Rudy Caya

La force tranquille de Rudy Caya

On aurait pu lui dire « Salut, salaud » au moins deux fois. Mais Rudy Caya a cette force qui en fait un véritable immortel.

La voix et le visage de Vilain Pingouin se porte très bien et il compte bien se taper quelques scènes au cours des prochains mois.

« J’ai une patte un peu raide et un bras qui lève moins haut, mais ça se passe bien. Je reste le même gars avec la même passion et la même attitude », a lancé Rudy en entrevue au Droit.

À la suite de son deuxième AVC survenu en novembre 2017, Rudy Caya a eu le côté droit paralysé. Il a dû s’astreindre à un long processus de réhabilitation.

« Je n’ai pas peur de la mort, mais ce qui me fait peur, c’est de ne pas être là si mes enfants ont besoin de moi, avait-il confié au Journal de Montréal lors de sa convalescence. Ça, je ne peux pas l’accepter. Il faut que je sois là pour mes enfants tant que je le peux. »

Un horaire chargé

Nul doute que le chanteur en a encore sous le coude. D’ailleurs, outre sa collaboration avec Les Moindres (voir autre texte), il a plusieurs spectacles à l’agenda avec son « Frère d’armes » Jean-François Dubé (Noir Silence). Aussi, on le verra sur plusieurs scènes de festivals au Québec avec Vilain Pingouin. Le groupe mythique sera accompagné par deux autres formations québécoises qui a connu énormément de succès soit Noir Silence et les Frères à Ch’val.

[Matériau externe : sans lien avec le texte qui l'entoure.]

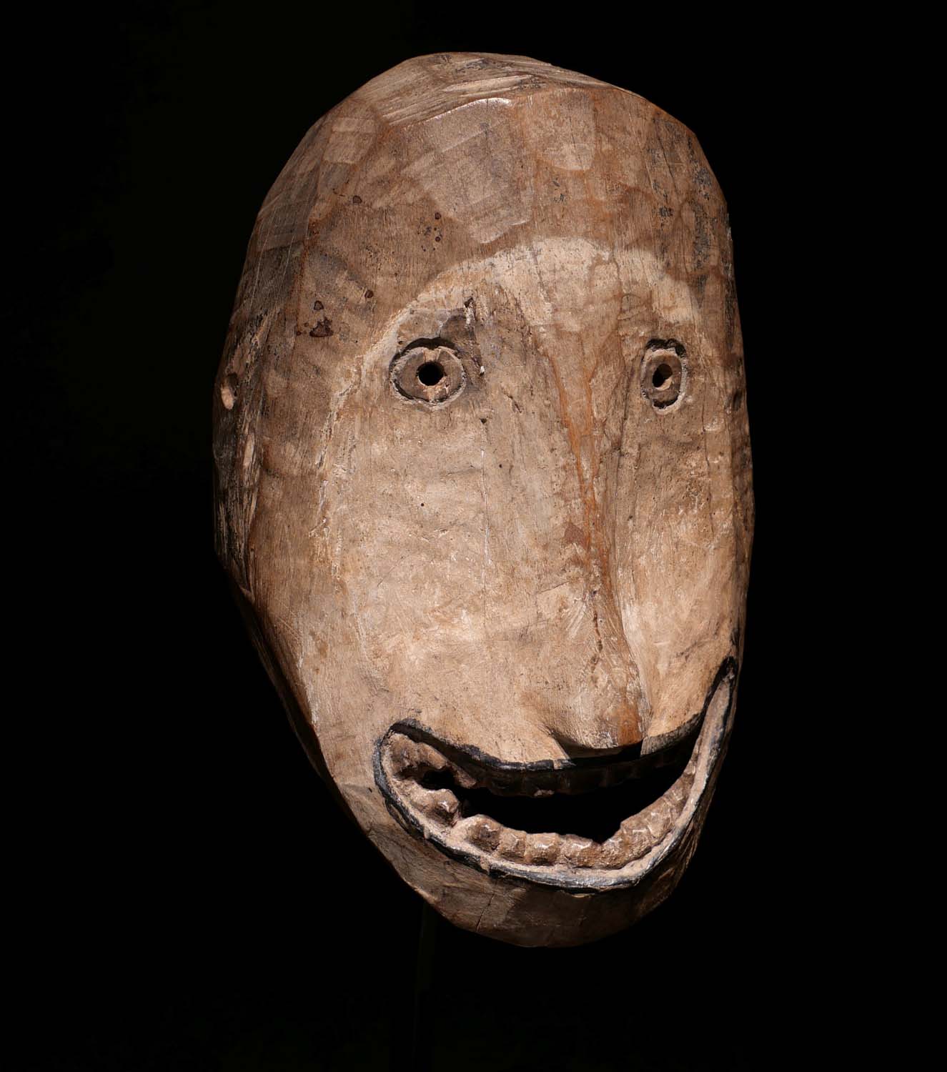 Seltene Gesichtsmaske für den Barong Brutuk-Tanz. Holz, Farb-Pigmente. H 18,8 cm. Bali, Provinz Bangli, Insel Trunyan, Bali Aga. Ende des 19. / Anfang des 20. Jhdt. Prv.Slg Niederlande. 3200.- €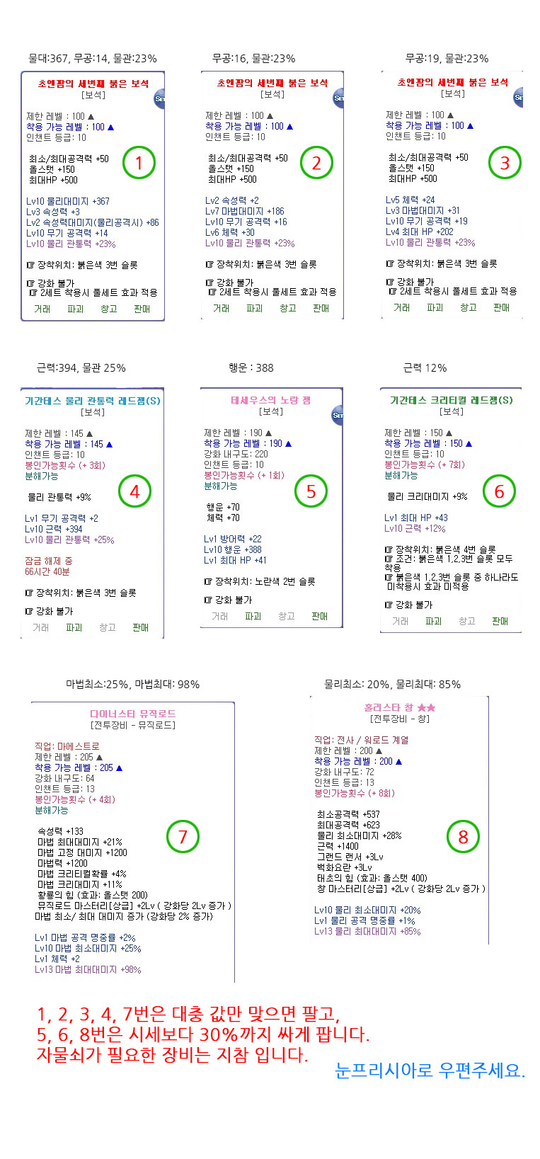 [팝니다] 초엔젬, 기타젬, 무기 팔아요.
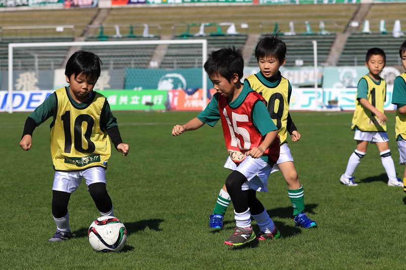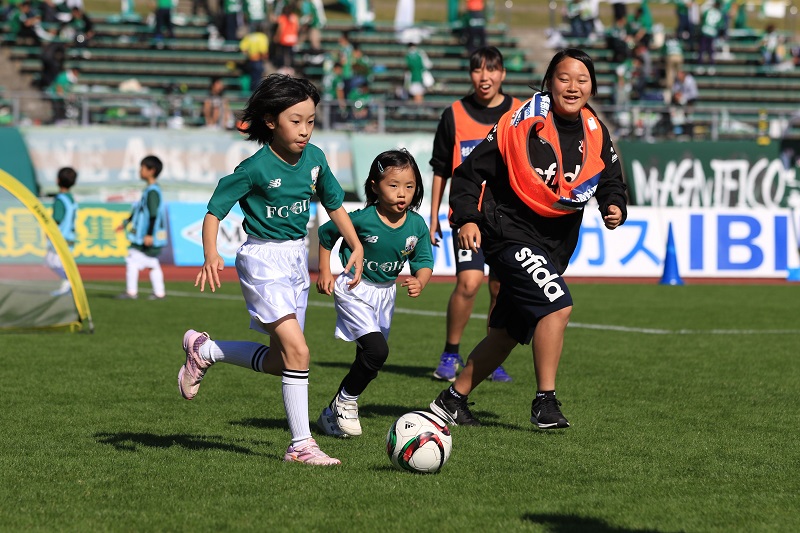 FC岐阜サッカースクールの子どもたちが長良川競技場のピッチで交流戦をおこないました。

« On va traîner notre musique dans six ou sept festivals cet été, confie Rudy Caya. Je ne peux pas te donner les dates et les endroits pour l’instant, je peux te dire qu’on va avoir ben du fun ».

Il est clair que la musique occupe encore toute la place dans la vie de Caya. La passion du musicien ne s’estompe pas.

« J’aime bien revisiter mes chansons et laisser d’autres musiciens s’amuser avec nos mélodies, dit-il en faisant référence à sa collaboration avec Les Moindres. J’aime aussi toutes ces collaborations. L’important pour moi est que ce ne soit pas simplement de reprendre les tounes des Pingouins. Il faut que ça soit différent, que l’on aille dans d’autres directions ».

De ses collaborations avec des groupes comme Bodh’aktan, The Sainte Catherines et Les Moindres, il y a un fil conducteur.

« Tous ces musiciens font de la musique pour les mêmes raisons que moi, explique-t-il. Pour la passion et le bonheur de mettre des sourires dans le visage des gens ».

« Je veux jouer avec du monde que j’aime, que j’apprécie. Avec des artistes que j’écoute chez moi ou dans ma voiture, ajoute-t-il. Et plus important encore, la plupart des gars avec qui j’ai collaboré sont devenus des amis. »

Et bien voilà. Malgré ses deux AVC et les nombreux écueils dont il a fait face, rien ni personne ne semble changer le bonhomme : un grand cœur, un immense talent et une belle force tranquille.